At present, the investment in AI in lung cancer and the entire medical field is huge, but there is still a certain distance from the actual clinical application. The lack of a high-quality standardized lung cancer clinical database is an important factor restricting AI’s use in lung cancer research. The deficiency of research sample size causes most prediction or diagnostic studies to not fully simulate the actual clinical environment, limiting the value of clinical applications. Studies[65] have pointed out that the current use of AI in the medical field, such as inadequacy of correct methods and evaluation criteria in ANN and the credibility of the results is questionable. In addition, in terms of social regulations, lack of common technical regulations on medical responsibility issues and information security issues exists.

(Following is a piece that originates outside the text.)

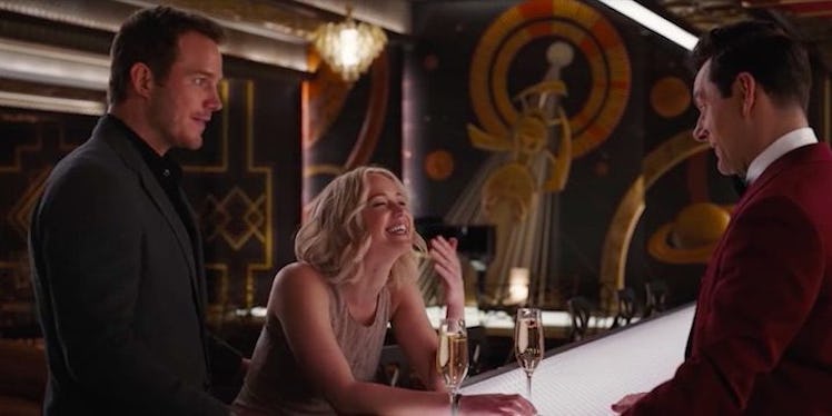 Or when Chris Pratt bangs the piano super hard, and Jennifer Lawrence dissolves into hysterics.

In the future, major medical centers should take the lead to establish a multicenter standardized lung cancer clinical database as a world-class database in line with epidemiology and to develop an AI system that meets the clinical environment. Diagnosis, treatment and optimization of medical resources have positive significance. On the other hand, active promotion of AI-related system regulations, technical specification, audit systems to provide institutional support and corresponding constraints for the development of AI are needed. AI has promising prospects for lung cancer research in the future, but it is still full of challenges.

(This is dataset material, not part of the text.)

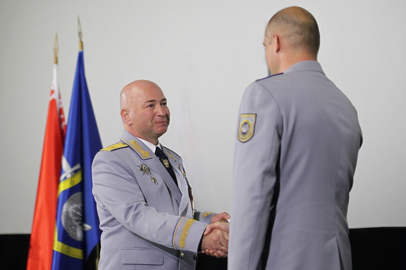 Глава ведомства поблагодарил офицеров за службу и подчеркнул особую значимость мероприятия, отметив, что не случайно государственные награды вручаются в преддверии священного для каждого белоруса праздника – Дня Победы.

According to the accuracy stated, which is around 90%, misjudgment may happen in 10% of cases, which reflects a pitfall of AI. Therefore, in clinical work, AI must be placed in a subordinate position. It should exist as an assistant to clinicians and provide auxiliary information under the supervision of doctors to avoid mistakes as much as possible.
CONCLUSION
AI has become an indispensable method to solve complex problems in modern life. In this review, I introduced various attempts and applications of AI in clinical work of NSCLC patients. According to a large number of imaging, histology, genomics, EMR system and other data, doctors can accurately diagnose and treat NSCLC patients. It has been shown that AI is gradually becoming a powerful assistant for doctors. Oncologists, radiologists and surgeons should continue to integrate AI into the clinical treatment of NSCLC in order to provide more patients with accurate and personalized therapy. Over time, both patients and doctors will benefit from the combination of AI and clinical practice.